Defunct newspaper in Maryland, US

The Port Tobacco Times was a newspaper published from 1844 to January 14, 1898 in Port Tobacco, Charles County, Maryland. It was founded as a Democratic newspaper by Elijah Wells Jr. and G. W. Hodges. In 1845, the name of the paper was changed to the Port Tobacco Times and Charles County Advertiser but retained its original founders as editors and publishers. When Union troops were stationed in Port Tobacco at the start of the American Civil War in 1861, Wells had to reassure alarmed pro-Confederate readers that the Times had not been seized by Union soldiers - rather, he had only allowed the soldiers to borrow his printing equipment to publish a newspaper for the troops stationed nearby. The Times published an editorial, entitled "Our Situation," in response:“The State of Maryland has cast her vote for the Union and Government by the largest majority ever known to this State… Charles County then stands before the Government and the world this day a loyal county. Charles County has ever been loyal; we challenge a disloyal act to be laid at her door - and yet what is her condition? As a loyal county and State, obedient to the recognized law, faithful to the Constitution, the citizens of this State have a right, and undisputed right to protection in their person and property. Twenty thousand Federal troops are stationed upon the soil of Charles County, their camps extending from Mattawoman Creek to Liverpool Point. These troops are here ‘For our protection,’ we are told; ‘to protect us form the Rebels,’ and yet, in fact, we are exposed to more danger, to more losses and damage or at least as much as if these very Rebels were here. Our farmers are deprived of their provender to such extent that their cattle must die. Our citizens are deprived of homes almost; and fencers, farms, and field falls prey to the ruthless hands of those very friends who come here to protect us.

“Our negroes, - ah, this is the point, - our negroes - are taken from us time and again, with no remuneration and the threats of violence if we seek to recover them.””After Wells died in 1877, his son Samuel O. Wells ran the paper for a short time before handing it off to his cousin, Charles F. Daley, in 1880. Daley and his partner, F. Marcellus Cox, ran the paper together until 1889, when Daley left Port Tobacco to pursue other opportunities. A competitor newspaper, the Maryland Independent, was begun in Port Tobacco in 1874, and its editor, Adrian Posey, narrowly averted a duel with Cox over comments published during the 1884 presidential election.

The Pope's Creek Branch of the Pennsylvania Railroad arrived in Charles County in 1873, leading to the rise of new commercial centers near Port Tobacco, such as La Plata. An 1890 proposal to move the county seat from Port Tobacco to La Plata became a subject of local controversy, particularly when Times editor F. Marcellus Cox led a petition against moving the courthouse. Many citizens agreed, until the courthouse burned down on August 3, 1892 in what was suspected to be arson; the deeds to the land were discovered a few yards from the fire, undamaged. In the wake of the destruction, a special election decided on moving the county seat to La Plata.
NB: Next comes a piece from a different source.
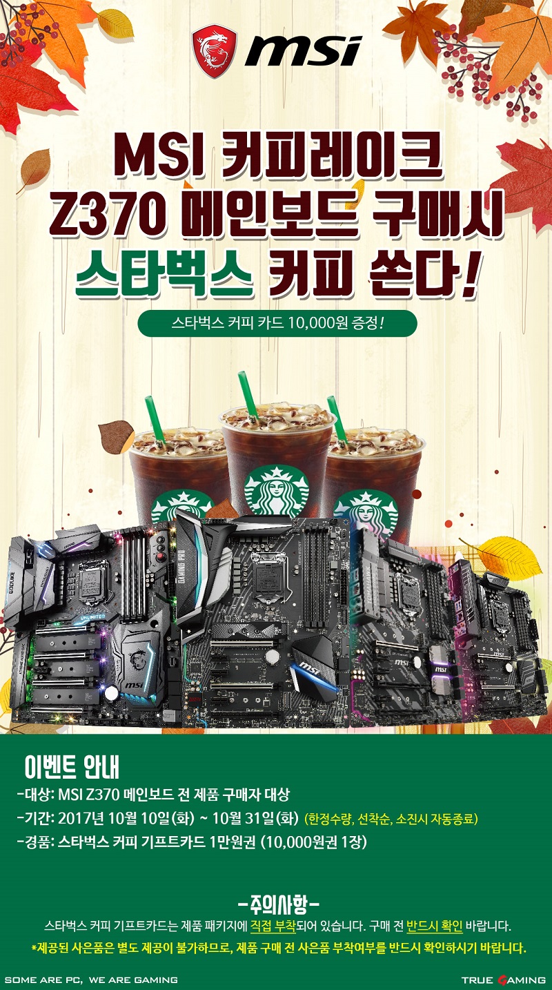 본 이벤트는 10월 10일(화)부터 10월 31일(화)까지 진행하며, MSI Z370 메인보드 전 제품을 대상으로 스타벅스 커피 기프트카드 1만원권을 증정한다. 해당 경품은 별도의 신청 없이 제품 패키지에 직접 부착되어 MSI Z370 구매 고객 누구나 선착순으로 증정 받을 수 있다. 단, 한정 수량으로만 진행돼 조기 마감이 예상된다.

This move ended up spelling disaster for the Port Tobacco Times, which ended up merging with La Plata's Crescent in 1898 to form the Times Crescent, which is still running to this day under the name The Charles County Times-Crescent.

The appearance of the Port Tobacco Times was quite different from that of modern newspapers; it was filled with "essays, prayers, and verse" and often quoted British newspapers so that early colonists could keep up with news "from home." Local news was relegated to a short column buried in the middle of the paper. The Times often printed humorous short notices, such as the following notice from January 1, 1851:
"GO IT BOOTS - A Mrs. Boots of Penna., has left her husband, Mr. Boots and strayed to parts unknown. We presume that the pair of boots are right and left. We cannot say, however, that Mrs. Boots is right, but there is no mistake that Mr. Boots is left."